Material to process:
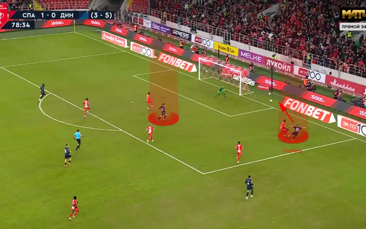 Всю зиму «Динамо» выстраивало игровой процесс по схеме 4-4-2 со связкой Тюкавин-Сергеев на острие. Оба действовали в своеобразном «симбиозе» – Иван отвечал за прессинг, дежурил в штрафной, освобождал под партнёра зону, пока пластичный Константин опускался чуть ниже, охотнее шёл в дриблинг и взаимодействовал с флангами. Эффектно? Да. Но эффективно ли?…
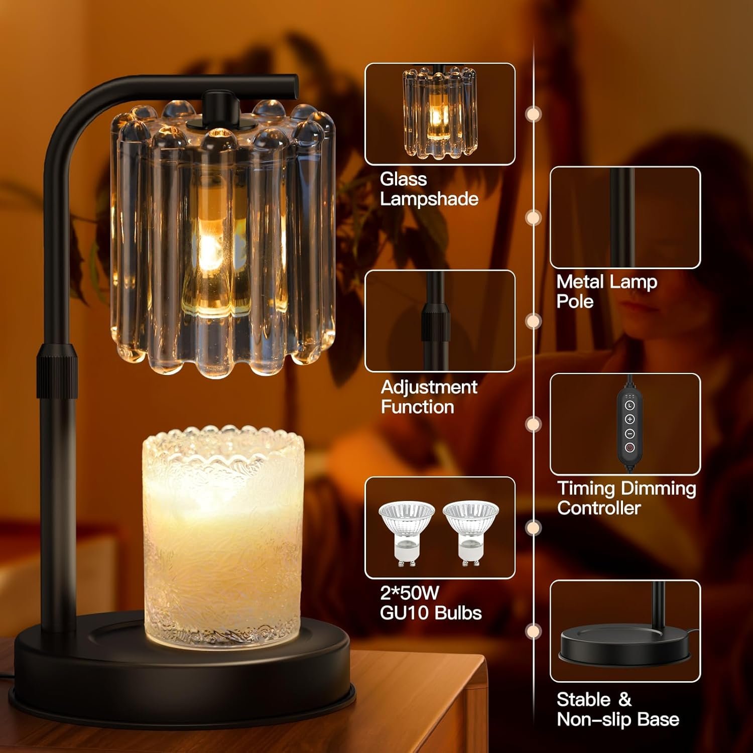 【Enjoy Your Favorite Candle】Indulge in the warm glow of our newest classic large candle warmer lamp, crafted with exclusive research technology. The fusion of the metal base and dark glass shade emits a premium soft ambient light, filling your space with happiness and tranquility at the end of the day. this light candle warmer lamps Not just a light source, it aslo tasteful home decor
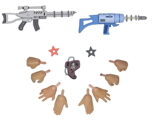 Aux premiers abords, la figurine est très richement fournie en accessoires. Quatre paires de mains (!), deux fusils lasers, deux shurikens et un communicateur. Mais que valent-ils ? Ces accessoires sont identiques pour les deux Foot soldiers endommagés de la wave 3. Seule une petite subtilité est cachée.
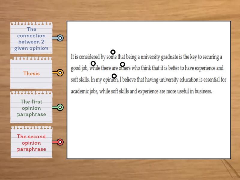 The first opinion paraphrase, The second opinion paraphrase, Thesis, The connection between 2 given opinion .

...

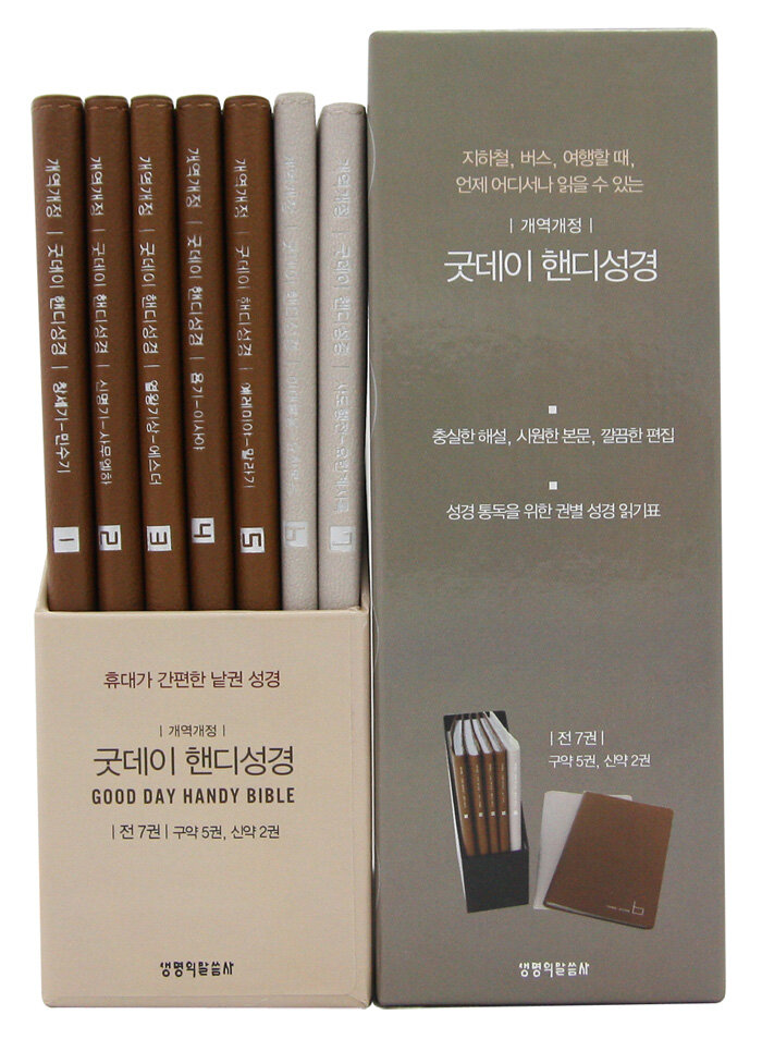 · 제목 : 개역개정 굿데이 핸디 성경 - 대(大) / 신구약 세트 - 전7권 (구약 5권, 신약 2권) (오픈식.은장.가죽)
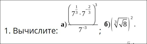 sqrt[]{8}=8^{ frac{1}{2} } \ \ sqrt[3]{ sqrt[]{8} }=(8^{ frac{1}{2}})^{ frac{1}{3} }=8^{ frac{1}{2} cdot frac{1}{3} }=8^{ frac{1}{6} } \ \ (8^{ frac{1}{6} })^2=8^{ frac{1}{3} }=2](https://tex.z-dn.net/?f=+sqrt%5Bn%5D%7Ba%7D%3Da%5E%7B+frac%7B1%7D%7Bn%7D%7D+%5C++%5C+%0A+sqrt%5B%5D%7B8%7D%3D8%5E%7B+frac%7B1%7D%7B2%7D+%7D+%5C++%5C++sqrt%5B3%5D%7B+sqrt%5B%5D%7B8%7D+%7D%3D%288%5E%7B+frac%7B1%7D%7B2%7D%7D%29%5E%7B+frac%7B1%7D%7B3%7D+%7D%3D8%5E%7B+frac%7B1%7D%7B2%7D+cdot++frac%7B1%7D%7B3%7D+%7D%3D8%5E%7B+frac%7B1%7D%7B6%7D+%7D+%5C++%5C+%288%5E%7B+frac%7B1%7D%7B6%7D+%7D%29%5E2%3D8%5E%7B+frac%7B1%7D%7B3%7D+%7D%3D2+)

Problem statement:
From the records above, output only the lines starting at the one containing "Но эффективно ли?…" and ending at the one containing "The first opinion", word for word. Pictures stay out.

Solution for this task:
 Всю зиму «Динамо» выстраивало игровой процесс по схеме 4-4-2 со связкой Тюкавин-Сергеев на острие. Оба действовали в своеобразном «симбиозе» – Иван отвечал за прессинг, дежурил в штрафной, освобождал под партнёра зону, пока пластичный Константин опускался чуть ниже, охотнее шёл в дриблинг и взаимодействовал с флангами. Эффектно? Да. Но эффективно ли?…
 【Enjoy Your Favorite Candle】Indulge in the warm glow of our newest classic large candle warmer lamp, crafted with exclusive research technology. The fusion of the metal base and dark glass shade emits a premium soft ambient light, filling your space with happiness and tranquility at the end of the day. this light candle warmer lamps Not just a light source, it aslo tasteful home decor
 Aux premiers abords, la figurine est très richement fournie en accessoires. Quatre paires de mains (!), deux fusils lasers, deux shurikens et un communicateur. Mais que valent-ils ? Ces accessoires sont identiques pour les deux Foot soldiers endommagés de la wave 3. Seule une petite subtilité est cachée.
 The first opinion paraphrase, The second opinion paraphrase, Thesis, The connection between 2 given opinion .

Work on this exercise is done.